I was also sent off to compulsory nutrition classes run by the hospital. The irony was, I truly believe if I had eaten the amount of carbs recommended by the hospital, I would have ended up with diabetes! Their “gestational diabetes management” guidelines were way less healthy than how I was eating, containing sugars and high-glycemic carbs.
So on we went with our prenatal care, thinking that since my levels were checking out well, and since there was no need for medication, we would still be eligible for the birth center. Until the 38-week ultrasound. At that visit, the ultrasound tech looked at my chart, and immediately made a comment about my GD and the impact of that on the baby’s size. Less than a minute later, she announced that our baby was estimated at 10 lbs, and that the abdomen: head ratio was out of whack (another possible outcome of GD). Boom, that was it, in that moment we were risked out of the birth center due to the ratio she predicted. In reality, Valentina was 8 lbs 12 ozs with a completely normal abdomen: head ratio.
Another outcome of the GD diagnosis was the non-stress tests that I was required to do twice weekly for the last few weeks. I would have had to do them anyway because of my age, but those tests required me to go to the hospital, have a fetal heart rate monitor checking her heart rate, and an ultrasound each time to measure amniotic fluid. I ended up doing about 12 of those all up over the last six weeks. What I found interesting was that in chatting to the nurses, they had expressed that the non-stress test rooms had become packed and that they were way more busy than ever before. I asked them why they thought that was the case, and they told me that the hospital had recently changed its guidelines on GD parameters, and that lots more people were getting diagnosed with it. Hence they had a steady stream of patients coming in for non-stress tests. I’m not saying this was their only motivation, but given mine cost me $50 out of pocket after my insurance paid their part, it must have been a nice boost in revenue for them.

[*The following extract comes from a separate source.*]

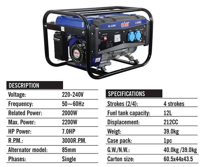 Генератор на бензине, мощность - 2200W, SALI SL2200

I wonder what would happen if I did get pregnant again. I’m guessing I’d be flagged again as high risk because of the previous diagnosis. Of course, now I’m ancient, not just old, so that won’t help. I do know that I’d do everything in my power to avoid the 2-hour glucose tolerance test, but I’m not sure if I’d be given options this time around since I wasn’t last time around. But that’s all just theoretical anyway and is likely a moot point.
As it turned out, we still had midwife care and still had the natural birth we wanted, just not in the birth center. Ironically, no one ever checked my blood sugar postpartum, nor the baby’s, and it was never mentioned again at any of my post-natal visits. Being labeled with a diagnosis of something based on one aberrant test result, when I had weeks if not months of perfect blood sugar numbers, was a very frustrating experience. Even with my knowledge and background, and my confidence in the health of my body and my baby, it was easy to feel disempowered. When Valentina decided to wait until 42 weeks to be born, and all the midwives and doctors were wanting to induce, I studied up on the statistics around big babies, damage at birth and risk of neurological problems, I had to really stand my ground to avoid being coerced into induction. I didn’t let fear get in my way, but I can see how many people would.
I realize that midwife care and a home birth could have circumvented all of this. I know of midwives outside of hospital settings who will let pregnant women do their glucose test eating real food, which might have had a different outcome. But we wanted to be in a hospital setting so we had to play by their rules.
I wonder how many women have similar experiences – I certainly know of quite a few just in my circles. I also want to point out that we loved our midwives and many parts of our experience were wonderful. It just makes me wonder how many medical interventions are unnecessary or at least overdone.